Наш художник вошёл и сел, очевидно, больной человек, предложил нам неизбежный чай, показал свои методы подготовки для цветных деревянных блоков и достал примеры из большой стопки рулонов и связок бумаги и рисунков, которые заполняли одну сторону комнаты, среди которых я заметил много фрагментов иллюстрированных английских или американских газет. И мы не осмелились больше вторгаться и ушли — как раз когда разговор перешёл к европейскому искусству — с подарками рисунков от него и обещанием обмена.

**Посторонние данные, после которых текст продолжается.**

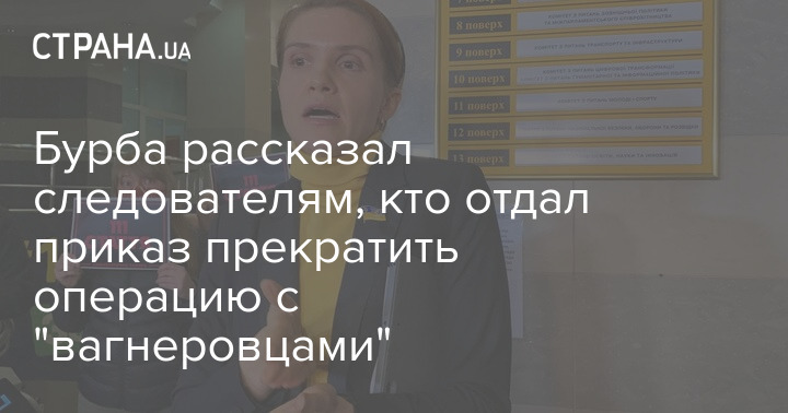 Председатель временной следственной комиссии (ВСК) парламента по расследованию противоправных действий представителей госвласти против суверенитета Украины Марьяна Безуглая заявила, что экс-начальник ГУР Минобороны Василий Бурба сообщил важные детали об операции с "вагнеровцами". Он назвал того, кто отдал приказ ее свернуть.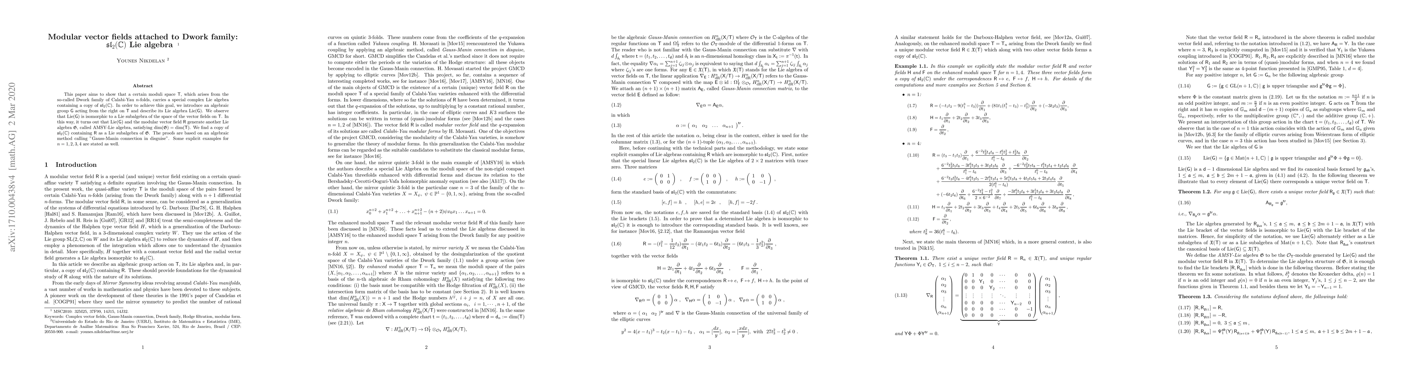 This paper aims to show that a certain moduli space $\textsf{T}$, which arises from the so-called Dwork family of Calabi-Yau $n$-folds, carries a special complex Lie algebra containing a copy of $\mathfrak{sl}_2(\mathbb{C})$. In order to achieve this goal, we introduce an algebraic group $\sf G$ acting from the right on $\textsf{T}$ and describe its Lie algebra ${\rm Lie}({\sf G})$. We observe that ${\rm Lie}({\sf G})$ is isomorphic to a Lie subalgebra of the space of the vector fields on $\textsf{T}$. In this way, it turns out that ${\rm Lie}({\sf G})$ and the modular vector field ${\sf R}$ generate another Lie algebra $\mathfrak{G}$, called AMSY-Lie algebra, satisfying $\dim (\mathfrak{G})=\dim (\textsf{T})$. We find a copy of $\mathfrak{sl}_2(\mathbb{C})$ containing ${\sf R}$ as a Lie subalgebra of $\mathfrak{G}$. The proofs are based on an algebraic method calling "Gauss-Manin connection in disguise". Some explicit examples for $n=1,2,3,4$ are stated as well.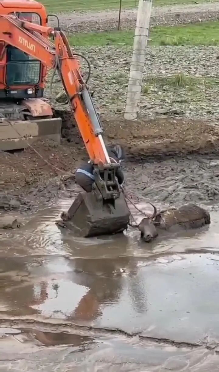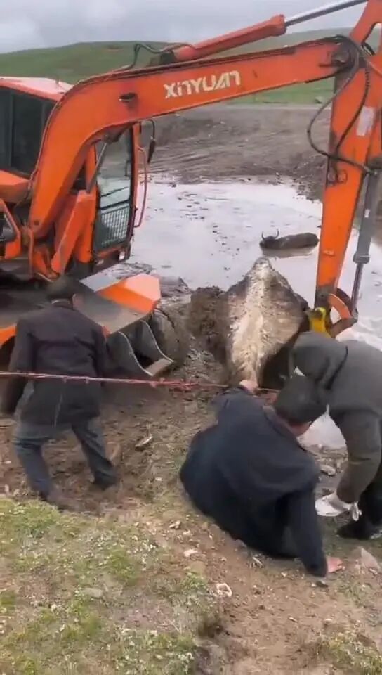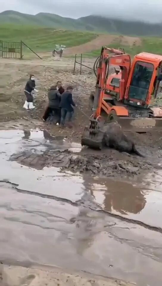 杨先生下车查看时,另一辆自驾车辆也停住,走下来两个人。他们沿途找了几百米,找到这4头牦牛的主人。他们一起来到泥坑处,但凭人力无法将牛救起。“牧民说话我们听不懂,大致意思是附近有一个修路的工地。”杨先生介绍,他们一起到工地上喊了一台挖掘机,尝试帮忙把牛救起。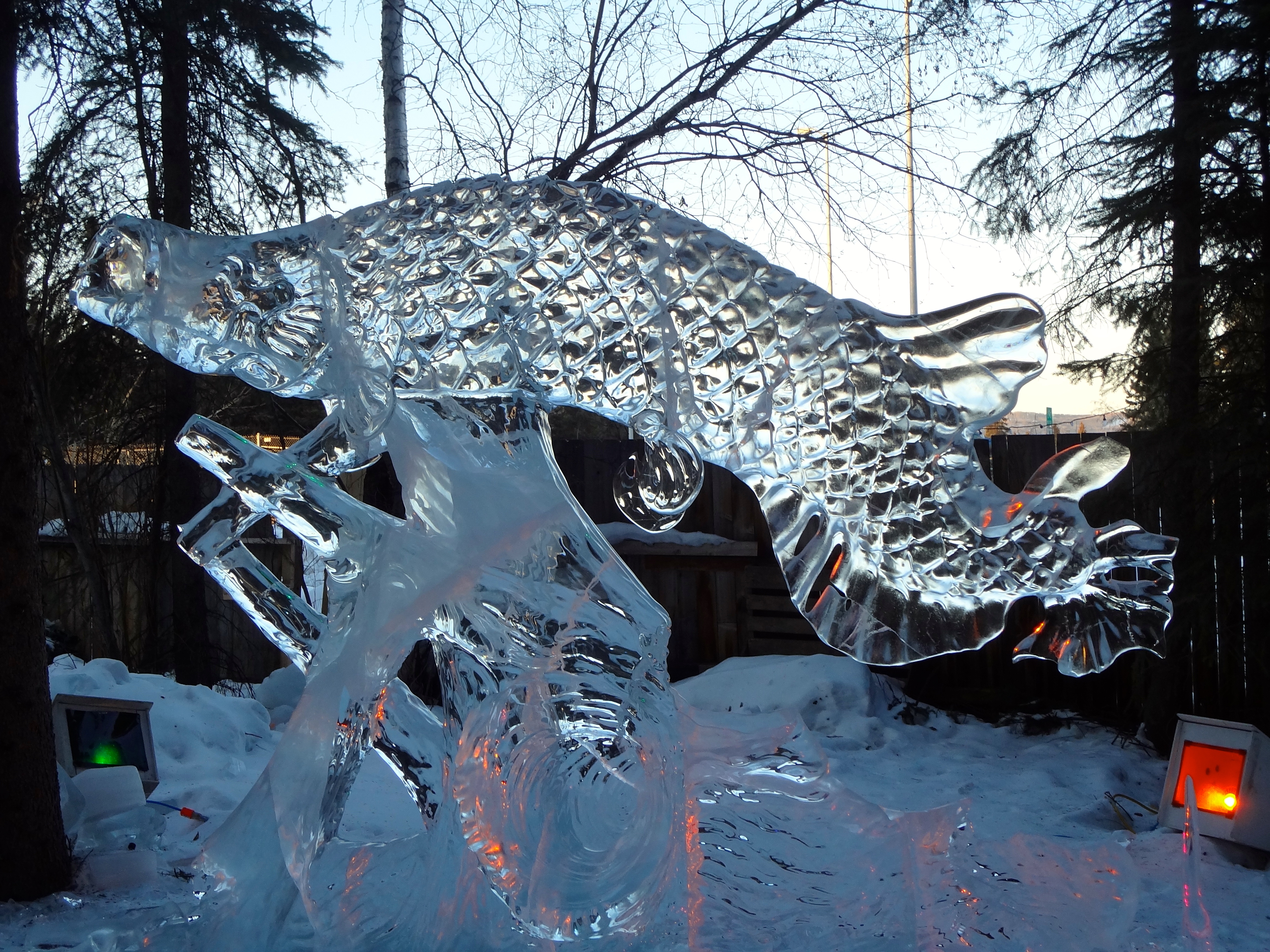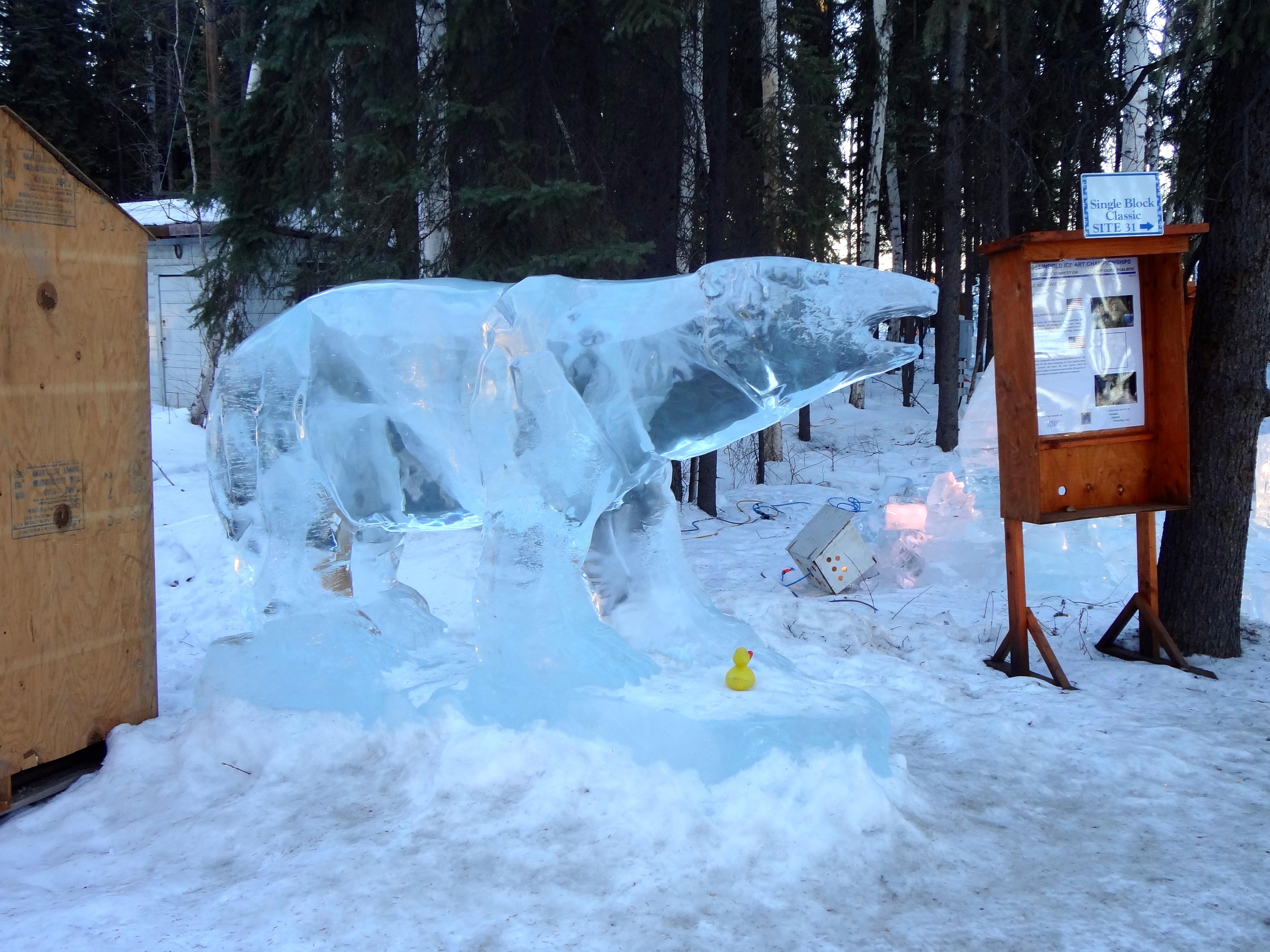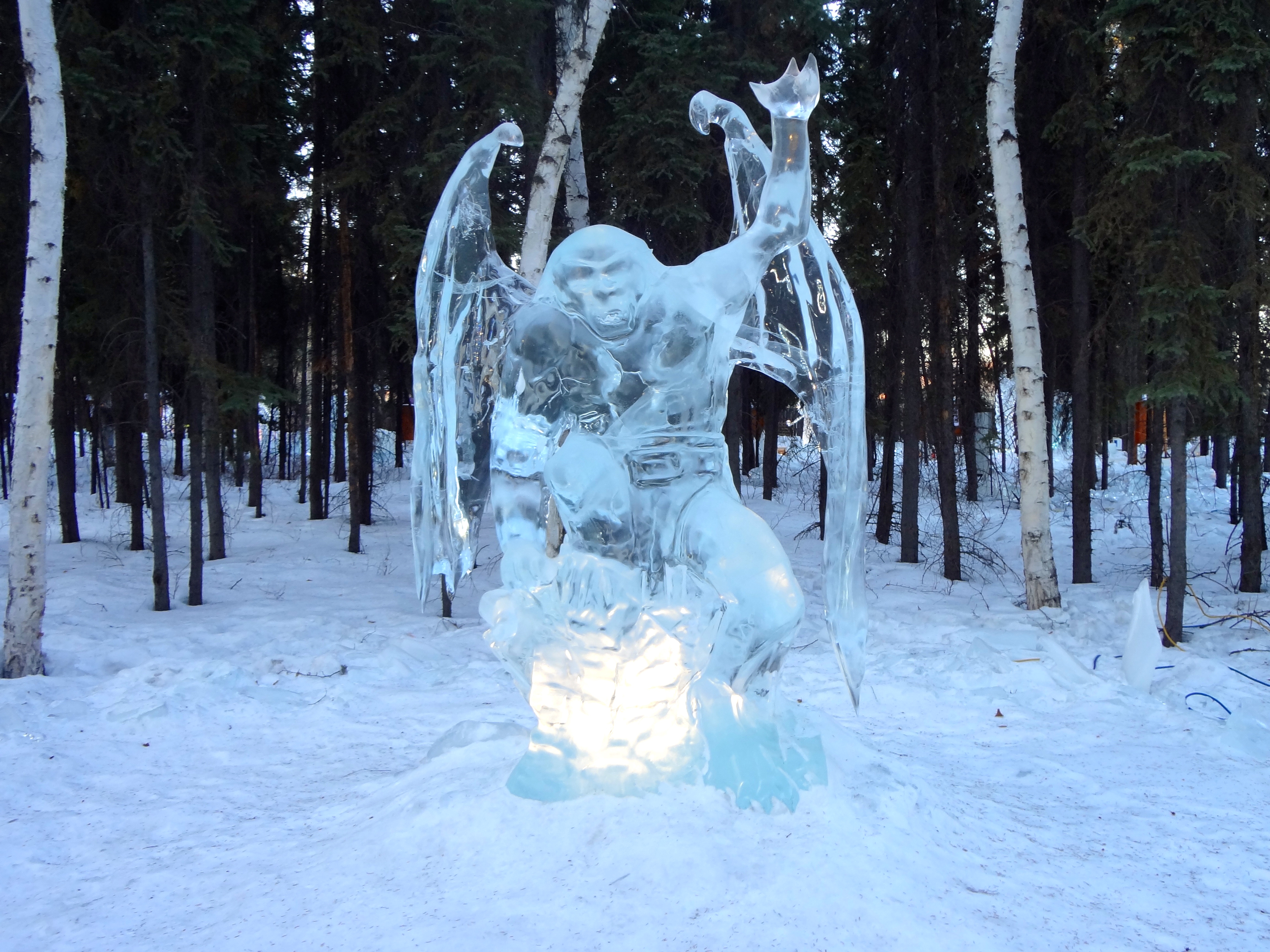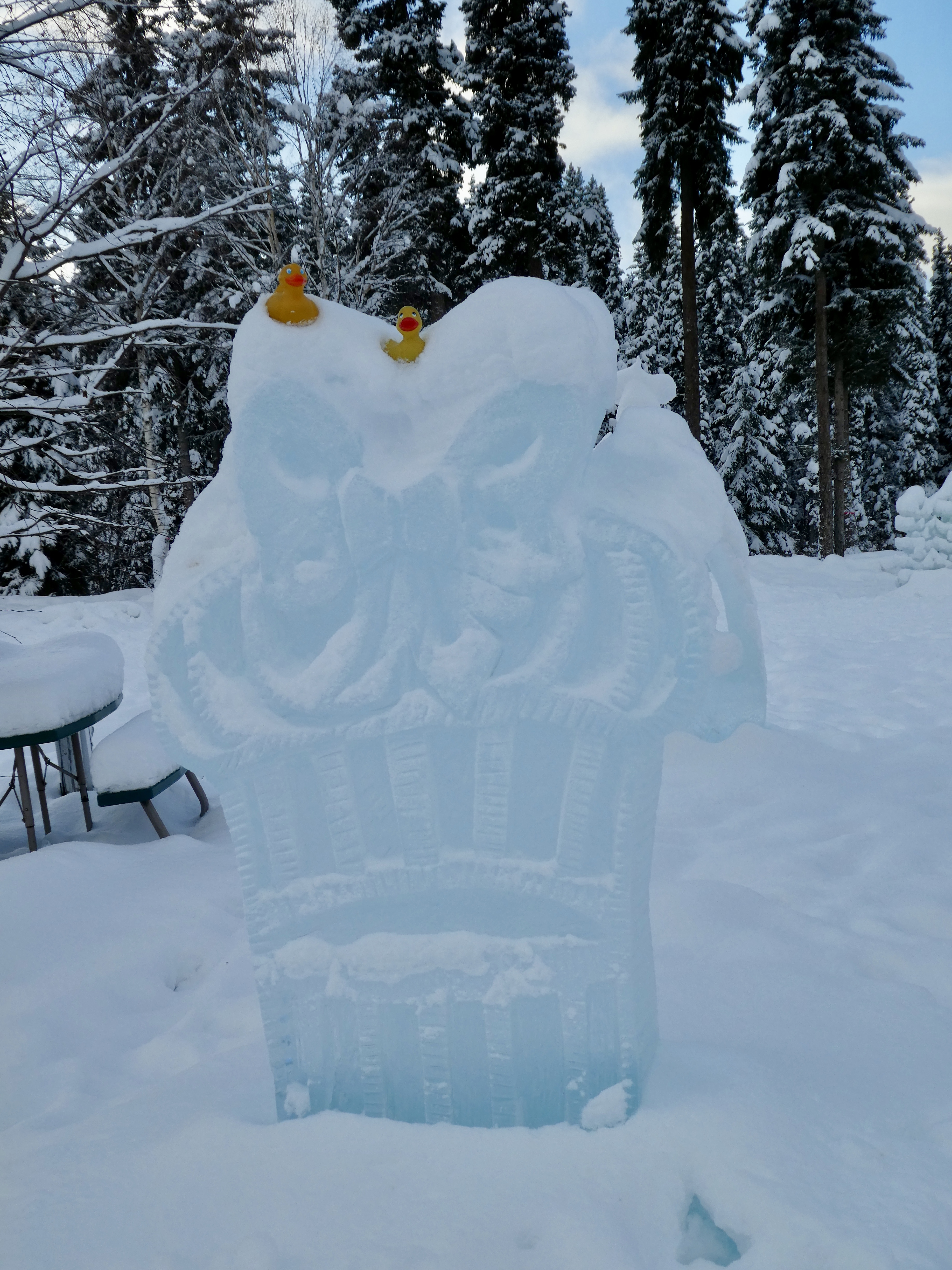 Sculpting ice starts with chain saws and ends with tiny tools for great details in the ice. Previous years a committee had a theme and all carvers followed the theme. This year it was Carver’s Choice. First we saw these carvings of Giant Insects in Ice by Snice Carvings.

Нет; что мы действительно сделали, так это снова зашли в магазины и начали заново погоню за безделушками. Так невозможно поверить, что мы не можем найти ничего во всём накоплении всех этих магазинов. Но даже если это так, манера охоты — это развлечение, как и само видение всего этого добра в его собственном доме; и маленькие знаки внимания дилера, пребывание в доме с привилегиями чая и курения, и ленивая война нападения и защиты; и медленное извлечение вещей из сумок и коробок, так что время, великий враг, оказывается неправым. А потом, то, что от тебя не ожидают купить или посмотреть, ничуть не хуже. Я знаю одно место, в которое я вернулся, чтобы посмотреть через сёдзи в сад, где стоит большая керамическая статуя Каннон. Я не собираюсь её покупать или торговаться о ней, но я собираюсь покупать другие вещи под её влиянием; возможно, сиденья даймё, которые мы используем в нашем визите, или фонари, которые освещают нас, когда мы задерживаемся допоздна, чьё масло придётся вылить, если они будут проданы. И есть места, где вещи продаются людям, сведущим в китайском образе мыслей, но где любители на лету, подобные нам, не поощряются, и это, безусловно, соблазнительно. Всё же я боюсь, что мы упустим многое из того, что хотим увидеть, из-за этого слоняния по магазинам.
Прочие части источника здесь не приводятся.